(Task details) Would you print the records below from the first line through the line containing "金平縣紀委監委緊盯春耕備耕種", skipping the pictures?

(Material for this task)
○ ○ ○ ○ ○ ○ ○
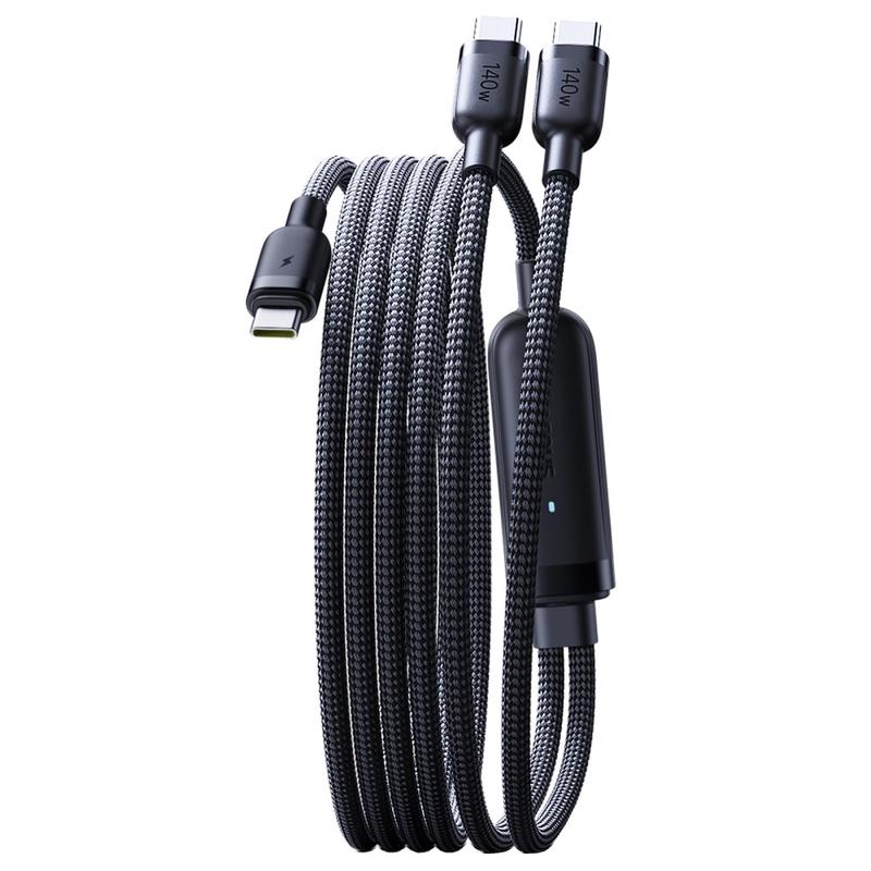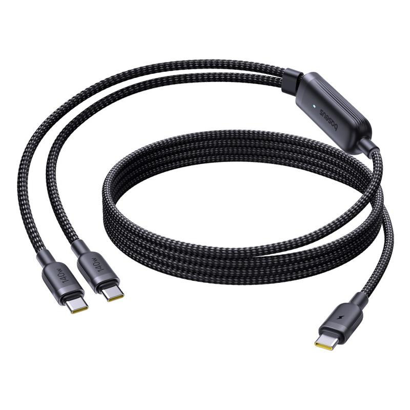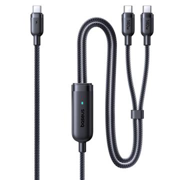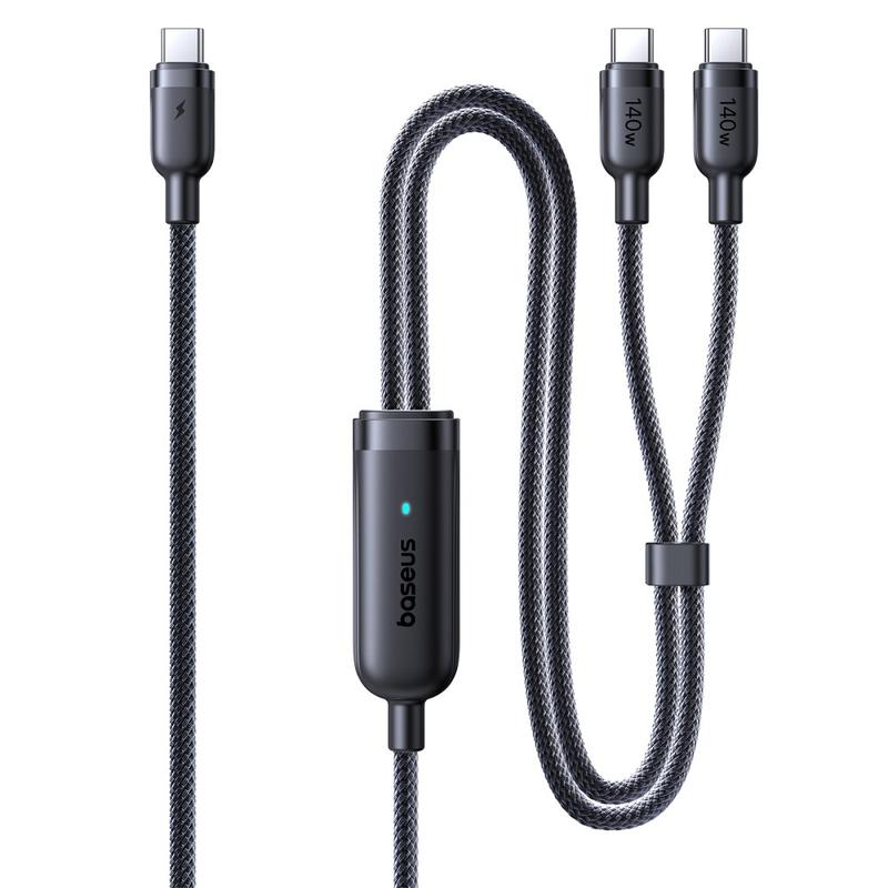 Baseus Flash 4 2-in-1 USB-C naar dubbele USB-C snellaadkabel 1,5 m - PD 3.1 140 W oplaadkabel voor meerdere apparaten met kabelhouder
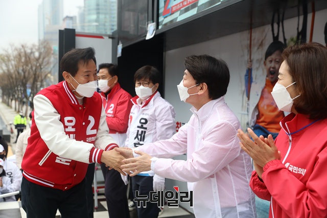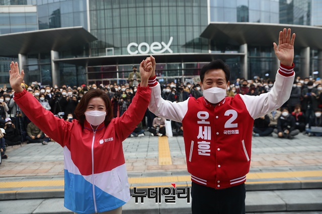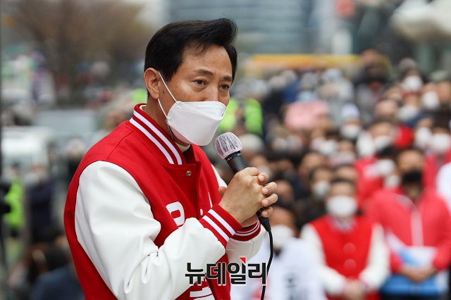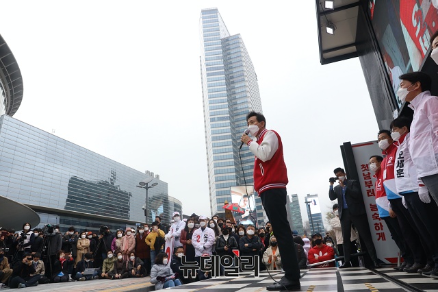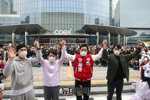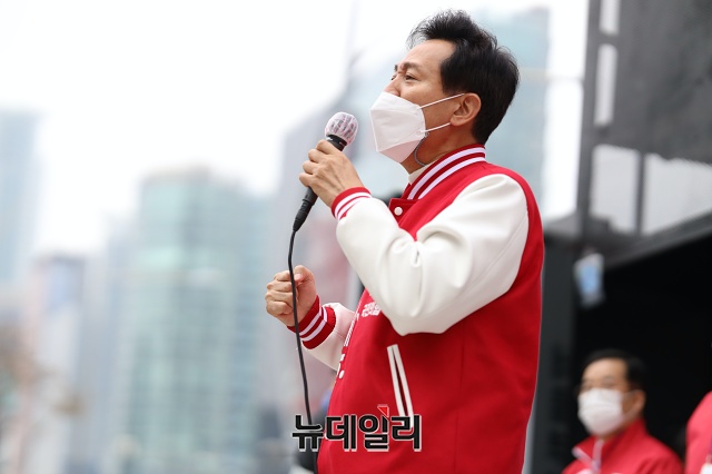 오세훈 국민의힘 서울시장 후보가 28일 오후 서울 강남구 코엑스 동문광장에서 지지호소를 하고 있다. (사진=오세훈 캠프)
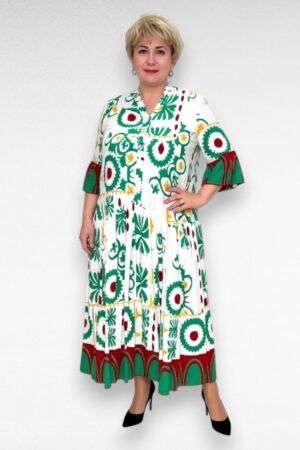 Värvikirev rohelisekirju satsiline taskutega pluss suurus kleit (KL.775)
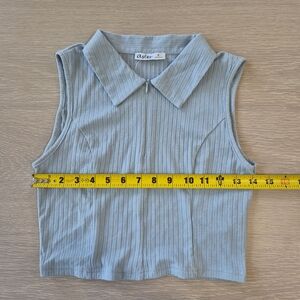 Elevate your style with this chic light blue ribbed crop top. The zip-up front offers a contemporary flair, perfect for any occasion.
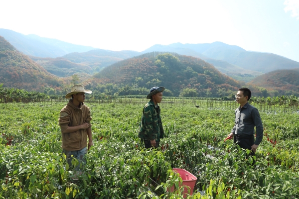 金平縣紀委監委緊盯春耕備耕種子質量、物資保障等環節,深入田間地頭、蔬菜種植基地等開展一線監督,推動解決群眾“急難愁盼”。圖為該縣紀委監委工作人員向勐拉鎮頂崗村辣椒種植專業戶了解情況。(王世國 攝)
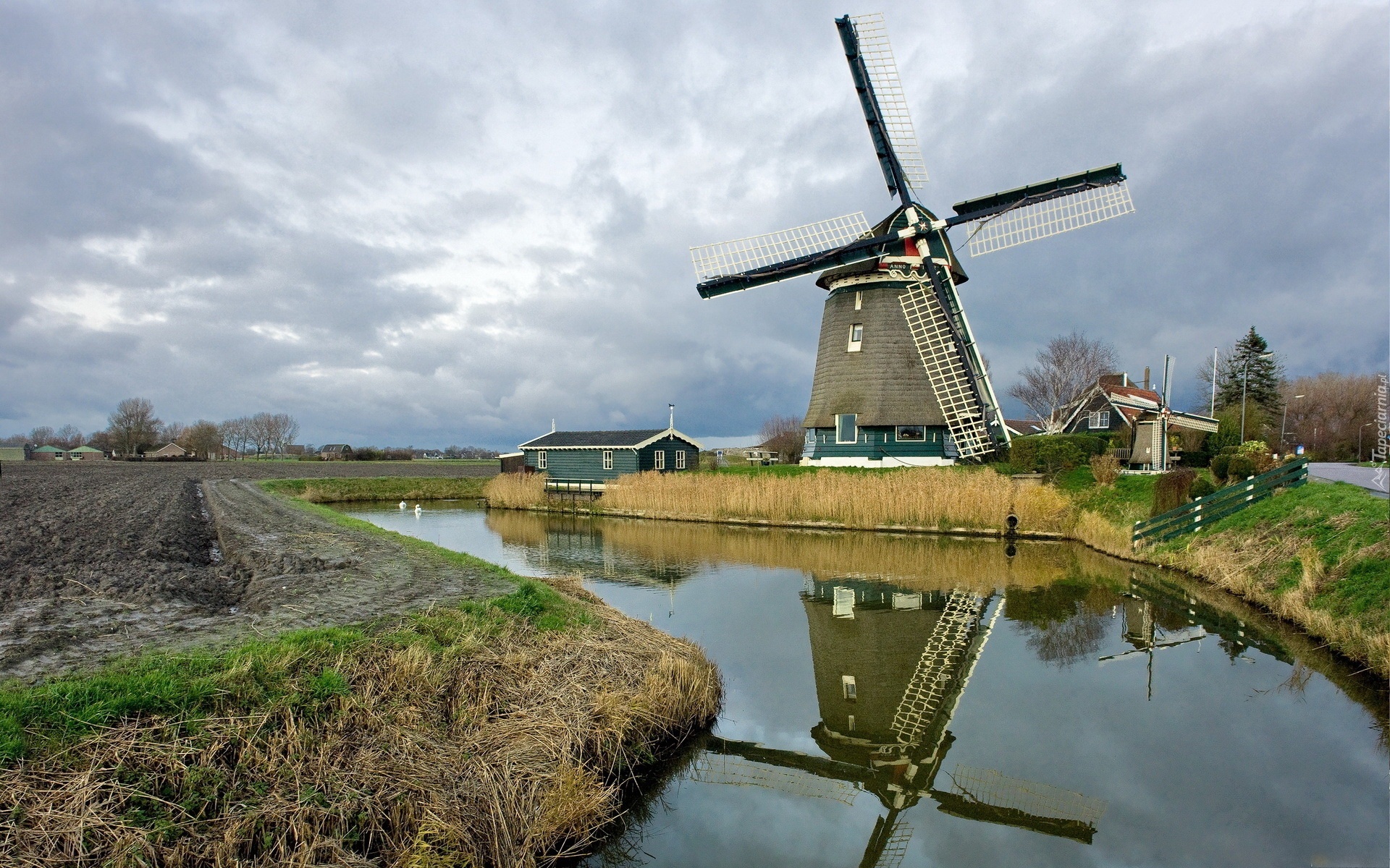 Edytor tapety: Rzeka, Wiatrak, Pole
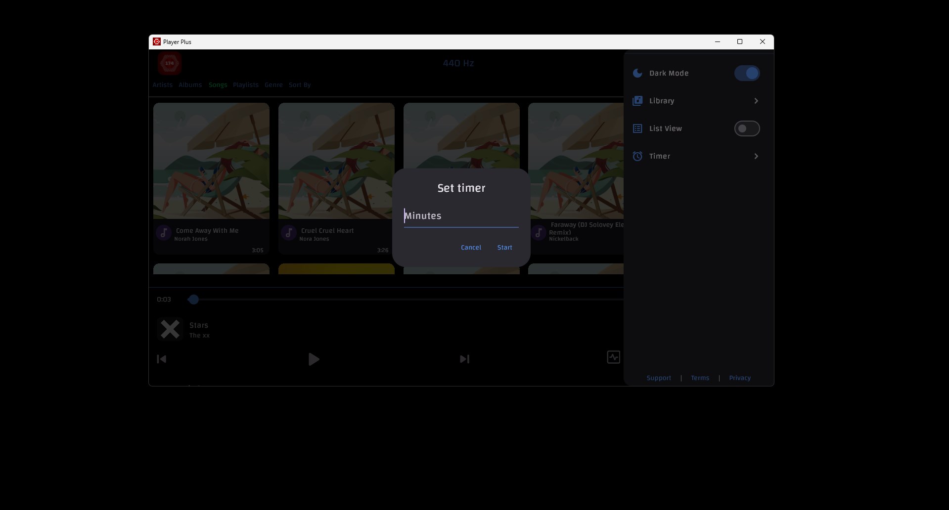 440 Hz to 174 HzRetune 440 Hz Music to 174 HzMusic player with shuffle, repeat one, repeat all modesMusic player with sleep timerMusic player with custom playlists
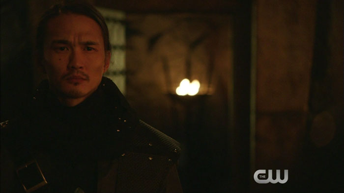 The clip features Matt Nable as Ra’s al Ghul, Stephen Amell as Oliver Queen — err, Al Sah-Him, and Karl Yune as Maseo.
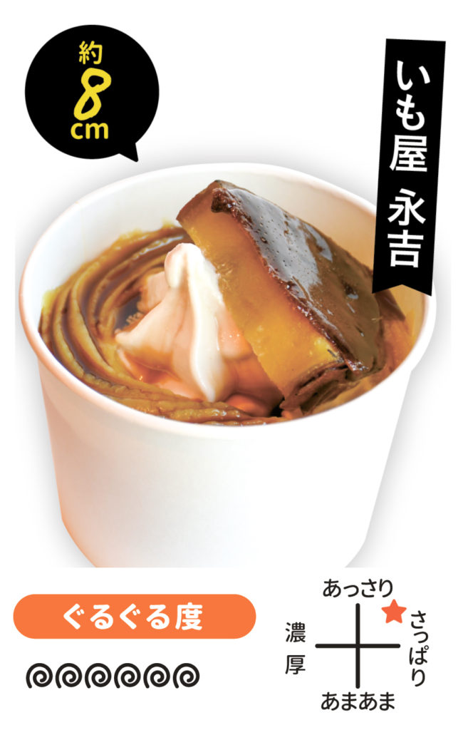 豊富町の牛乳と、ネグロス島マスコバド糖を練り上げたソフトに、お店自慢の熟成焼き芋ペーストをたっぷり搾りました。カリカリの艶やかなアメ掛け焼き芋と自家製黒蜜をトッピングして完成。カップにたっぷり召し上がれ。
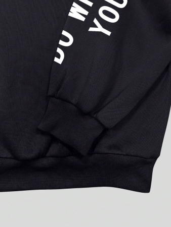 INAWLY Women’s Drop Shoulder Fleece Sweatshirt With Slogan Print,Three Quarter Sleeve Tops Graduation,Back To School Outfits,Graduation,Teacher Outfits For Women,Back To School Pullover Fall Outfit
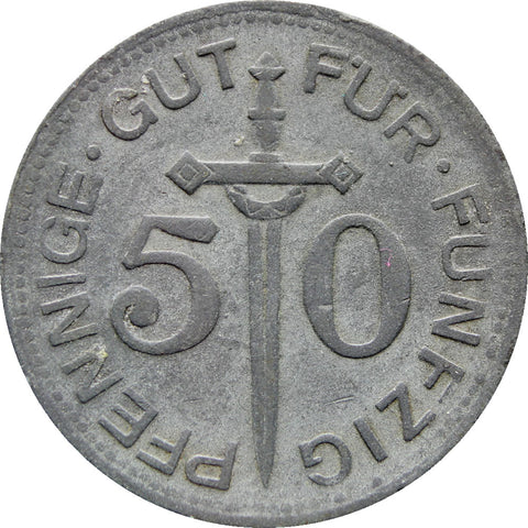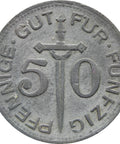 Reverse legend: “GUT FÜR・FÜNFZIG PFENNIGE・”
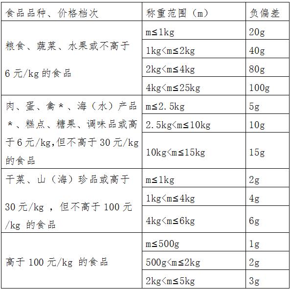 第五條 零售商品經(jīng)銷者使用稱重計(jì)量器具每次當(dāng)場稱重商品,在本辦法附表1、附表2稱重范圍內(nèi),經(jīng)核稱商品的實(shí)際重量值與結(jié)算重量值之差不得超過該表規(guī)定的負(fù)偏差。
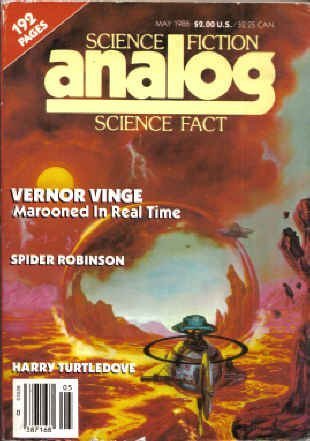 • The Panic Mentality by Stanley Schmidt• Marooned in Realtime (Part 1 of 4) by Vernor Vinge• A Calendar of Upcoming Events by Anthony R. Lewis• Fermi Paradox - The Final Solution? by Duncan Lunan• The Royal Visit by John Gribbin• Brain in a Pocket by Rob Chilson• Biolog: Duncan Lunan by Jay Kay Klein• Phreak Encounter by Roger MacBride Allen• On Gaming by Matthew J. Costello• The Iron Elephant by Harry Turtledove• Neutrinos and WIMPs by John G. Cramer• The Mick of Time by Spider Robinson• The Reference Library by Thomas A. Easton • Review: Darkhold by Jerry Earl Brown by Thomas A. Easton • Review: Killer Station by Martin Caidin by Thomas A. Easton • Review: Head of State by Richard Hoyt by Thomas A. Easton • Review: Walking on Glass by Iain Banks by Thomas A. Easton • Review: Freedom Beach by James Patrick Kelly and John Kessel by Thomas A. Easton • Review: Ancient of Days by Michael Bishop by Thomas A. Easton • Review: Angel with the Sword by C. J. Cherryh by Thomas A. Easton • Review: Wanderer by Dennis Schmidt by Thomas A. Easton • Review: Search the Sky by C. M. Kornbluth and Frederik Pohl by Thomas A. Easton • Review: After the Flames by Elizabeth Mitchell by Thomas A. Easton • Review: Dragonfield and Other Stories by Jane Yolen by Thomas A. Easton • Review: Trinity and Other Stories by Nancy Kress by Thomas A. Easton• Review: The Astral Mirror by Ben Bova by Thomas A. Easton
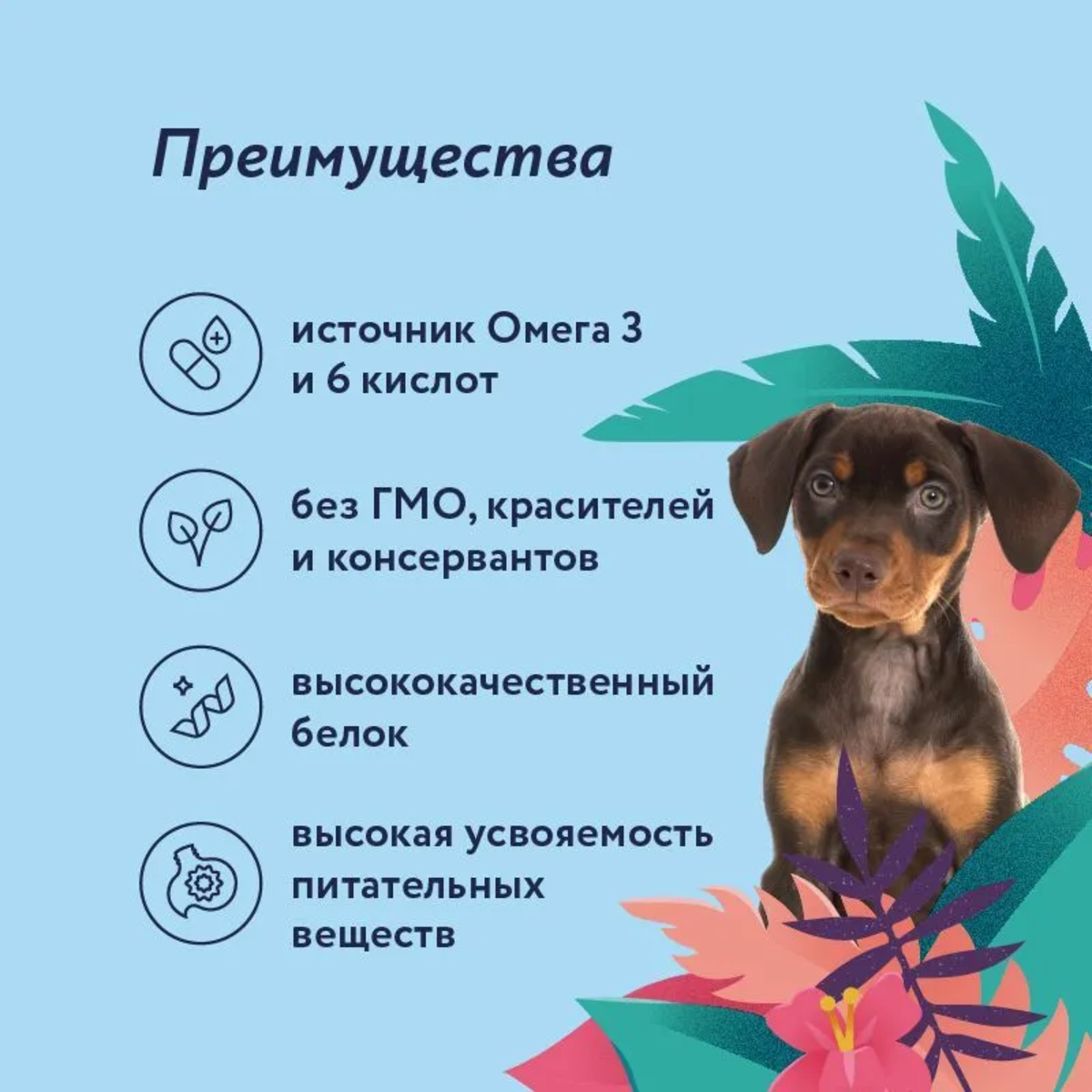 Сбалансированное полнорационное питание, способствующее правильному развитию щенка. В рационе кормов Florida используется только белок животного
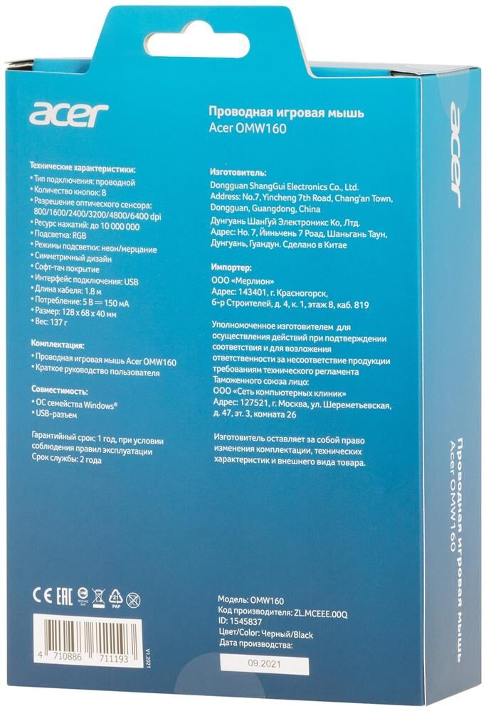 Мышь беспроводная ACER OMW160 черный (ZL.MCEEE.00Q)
○ ○ ○ ○ ○ ○ ○
(Answer below)
 Baseus Flash 4 2-in-1 USB-C naar dubbele USB-C snellaadkabel 1,5 m - PD 3.1 140 W oplaadkabel voor meerdere apparaten met kabelhouder
 오세훈 국민의힘 서울시장 후보가 28일 오후 서울 강남구 코엑스 동문광장에서 지지호소를 하고 있다. (사진=오세훈 캠프)
 Värvikirev rohelisekirju satsiline taskutega pluss suurus kleit (KL.775)
 Elevate your style with this chic light blue ribbed crop top. The zip-up front offers a contemporary flair, perfect for any occasion.
 金平縣紀委監委緊盯春耕備耕種子質量、物資保障等環節,深入田間地頭、蔬菜種植基地等開展一線監督,推動解決群眾“急難愁盼”。圖為該縣紀委監委工作人員向勐拉鎮頂崗村辣椒種植專業戶了解情況。(王世國 攝)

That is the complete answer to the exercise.